フォーミュラEの2名からは、日本での初開催に対する期待と、長いヘリテージを持つこの両社に対しての歓迎の意が述べられていた。
オートバイや電動アシスト自転車でおなじみのヤマハ発動機は、創業年の1955年に富士登山レースや浅間火山レースに出場、また1961年からはロードレース世界選手権(現MotoGP)に参戦を開始し、現在も世界選手権への挑戦を続けている。一方4輪ではエンジンコンストラクターとして、1989年から1997年までF1に参戦をしているが、4輪での世界選手権参戦はそれ以後行われてはいない。

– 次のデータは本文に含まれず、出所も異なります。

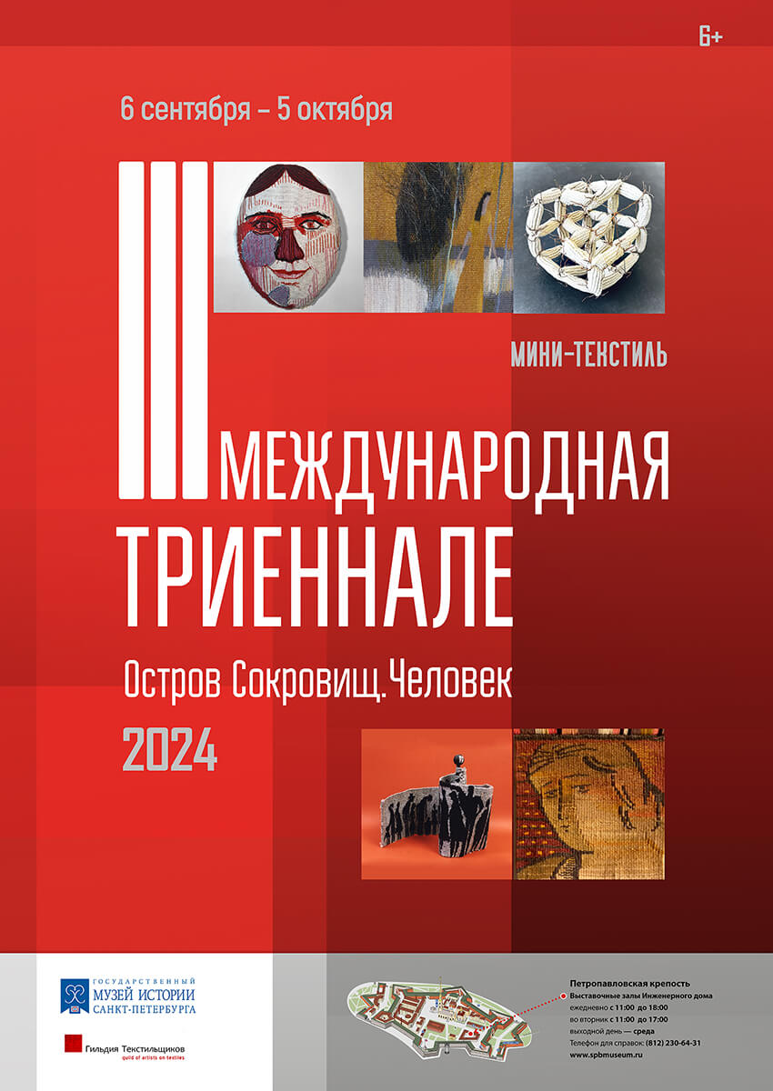 Выставочные залы Инженерного дома Петропавловской крепости (Государственный музей истории Санкт-Петербурга) гостеприимно открылись для большого зрителя. Вернисаж открытия III Международной Триеннале мини-текстиля "Остров Сокровищ – Человек" состоялся с большим количеством творческих людей, которых объединяет современное искусство. Более ста художников по текстилю из России, стран ближнего и дальнего зарубежья представили 160 авторских произведений (размер работы не более 20*20) в различных техниках волоконного искусства: гобелен, коллаж, вышивка и многое другое. Основной концептуальной идеей проекта Триеннале является создание условного "Острова Сокровищ", формируется художественное пространство с его визуальным поиском в образах представленных произведений. Затронуты такие темы, как: человек, природа, общество. В ходе проекта зрителей ждут мастер-классы по текстильным техникам и приемам, интересные встречи с художниками и знатоками текстиля. Будет проведена конференция, с обсуждением проблемы истории, сохранения и исследования художественного текстиля.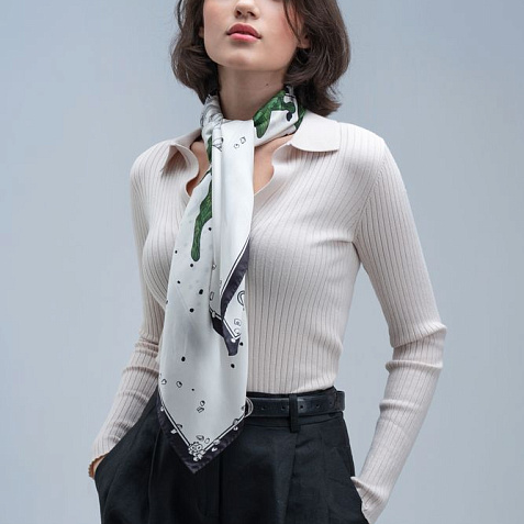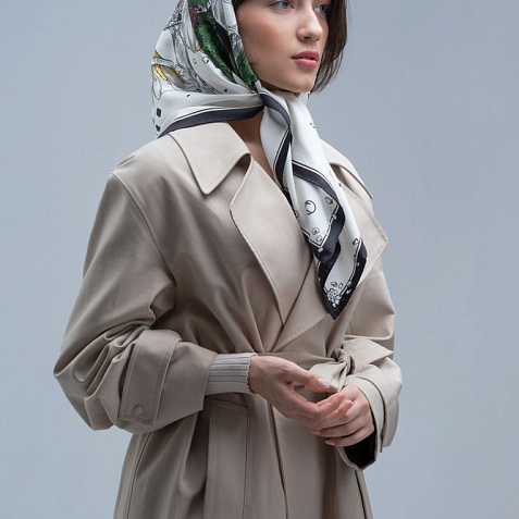 Шелковый платок с цветочным принтом открывает простор для фантазии — его можно использовать как шарф, головной убор или декоративный элемент для верхней одежды и аксессуаров.

ヤマハでの電動化という部分では、すでにEV用電動モーター(最大出力350kWクラスまで)の試作開発受託を進めており、2輪事業では、原付1種クラスの電動スクーターをこれまでに幾度もリリースしてきてもいる。現在は実証実験という形で原付2種クラスの「E-01」の一般向けリースも行う。
一方ローラ・カーズは、1958年にイギリスで創業したレーシングカー・コンストラクター。古くはホンダのF1マシンのRA300でのかかわりがあり、日本では、全日本F3000からフォーミュラ・ニッポンでも同社のシャシーを使用していたため、モータースポーツの世界ではおなじみのメーカーとなる。2012年に経営破綻となってしまっているが、その再出発としての挑戦が今回のフォーミュラEへの参戦表明である。
フォーミュラEでは、コスト上昇を抑えるために、現在その車両の7割がレギュレーションで共通化されており、残り3割の部分でコンペティティブな技術競争が行われている。ローラとヤマハは、電動パワートレインなどの残り3割の部分について開発を行っていくことになる。
この提携話についてはいつからどのような形で進んでいったかについては明かされなかったが、数年前から話は進んでいたとのこと。提携についてはローラ社というより、まずマーク・プレストン氏がいることが重要だったようだ。ヤマハがF1を撤退する直前のアロウズに在籍しており、フォーミュラEでもチーム・アグリ、テチーターで活躍してきた人物である。
今後、ローラとヤマハのパッケージによるフォーミュラEマシンを希望するチームに供給していくことになるが、ヤマハが直接レースに乗り出すことはないという明言もあった。早ければ次のシーズンから実践に投入される可能性もあるとしており、まずはその登場に期待したい。